Monday, November 26, 2007

Nip / Tuck

Though I rarely get to watch TV these days, there are shows I enjoy. Scrubs, for example, I find amusing, witty, and poignant. I should say rather I found it that way (past tense), because it seems like lately the show has been recycling old jokes and trying too hard to make them funny, mostly by reducing the characters from sympathetic, endearingly flawed people to mere caricatures. You might say this represents the inevitable and standard bow to the lowest common denominator. I also watch The Office, largely because it makes lowbrow humor the subject of highbrow, satiric humor, and presents in its characters archetypes rather than caricatures. Another show I enjoy is Ugly Betty. Artistically, this show has big fish to fry: it combines a satiric portrayal of high-fashion society with situationally comedic family humor; it also delves wisely and uncomfortably into the pain wrought by selfishness within friendships and families. Such shows both provide a comedic escape from drudgery while also--to varying degrees--presenting worthwhile themes and stories.

What, then, can I possibly find attractive about Nip / Tuck? This show is probably best known for occasional nudity, shocking references to sex, and a cruel veneration of sexual beauty. It offers very little that's light-hearted or funny. Yet between the lines of its biting and sometimes malicious script I detect a bitter satire.

No doubt there are viewers who find Nip / Tuck titillating. I certainly don't, because the tone of the story is grimly self-aware. The characters endlessly hurt each other in their desperate quest to be alluring and to conquer others. Moreover, the characters endlessly struggle, realistically, with the pain their lifestyle wreaks on them. A wasteland of broken relationships and cookie-cutter ideal beauty, Nip / Tuck pulls no punches revealing the true ugliness of our collective and selfish vanity.

You see, the writers of Nip / Tuck have identified the deadliest poison of our society: a radical, fundamental hedonism, founded in the (mistaken) belief that technology can make pleasure so readily available that there is no need to feel anything else. Their characters, superficially, meet our social ideal of manhood: they are sort of modern American Everymen, hypocritically seducing woman after woman between fits of trying to make more lasting relationships work, and concerned about money only insofar as it can elevate them above their peers. Nip / Tuck also shows its protagonists stumbling upon redemption, as when one of the doctors is asked to perform surgery on a nun. Challenged by her piousness and total contempt for his charm and his lifestyle, he hesitantly approaches her after the surgery is complete in order both to thank her for a small gift she gave him, and to ask her to help him pray a little. Of course, nothing comes of it in the end--the episode of the nun ends with that particular episode. Next week he is the same cocky, cruel, hedonistic man that he was before. But in those small incidences of clarity, when the characters vaguely realize that there is something truer and more satisfying beyond endless pleasure-seeking, I find an accurate portrayal of how socially we've nearly cauterized anything really good, anything approaching moral rectitude or an assertion of the actual dignity of man as an individual instead of a mere instrument or receptacle of sensation.

I am sure many people watch Nip / Tuck in order to worship, as it were, at the altar of modern hedonism. I am sure that the depraved and disgusting sexual episodes in the show are not only inspired by actual practices, but inspire imitation for people bored with more "conventional" relationships.
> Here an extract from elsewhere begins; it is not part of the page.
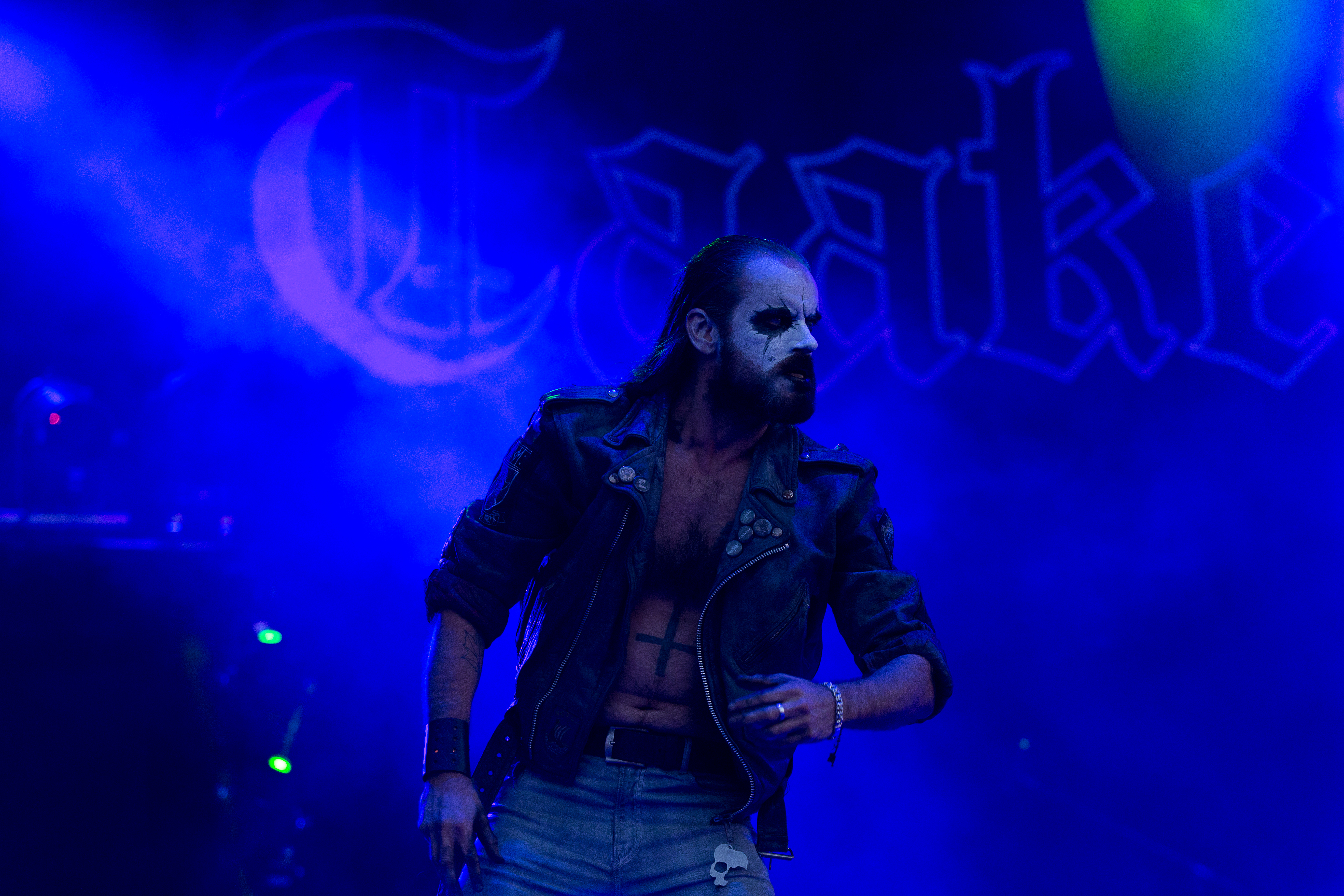 The Norwegian extreme metal band Taake at the Party.San Metal Open Air 2016 in Obermehler-Schlotheim/Germany.
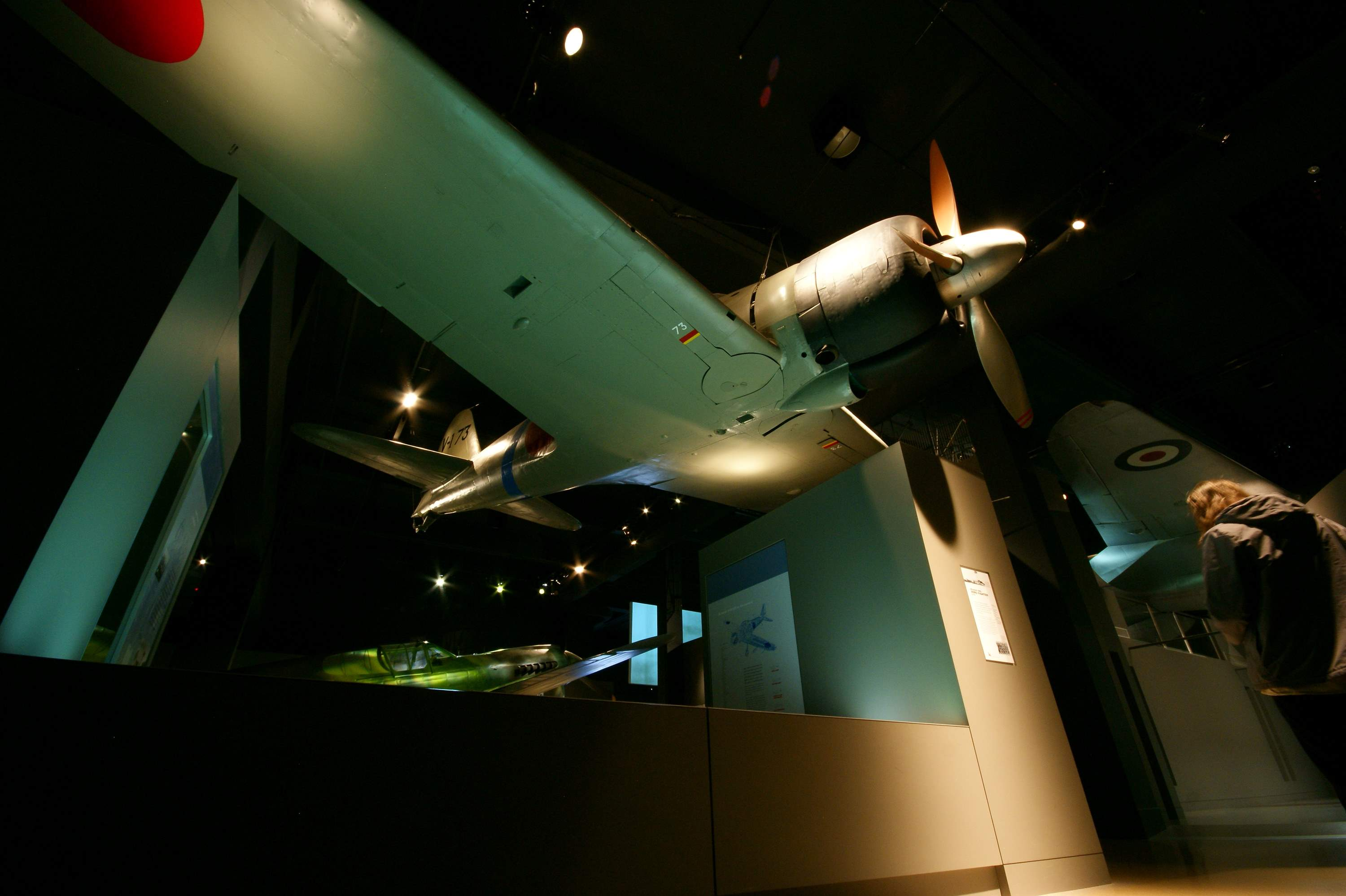 Australian War Memorial, Canberra A6M Zero

And I am sure much of the show's critical acclaim and staying power has to do with "shock value." It does, however, also expose the great lie about our commercial culture--that the result of worshipping pleasure is to numb our senses to it. The show harshly illustrates the terrible emptiness of our "ideal" American life, often in ways that hit close to home, and (at least in my case) ends any temptation I have to participate it its characters' values in the slightest. The latter effect is more than enough reason to watch.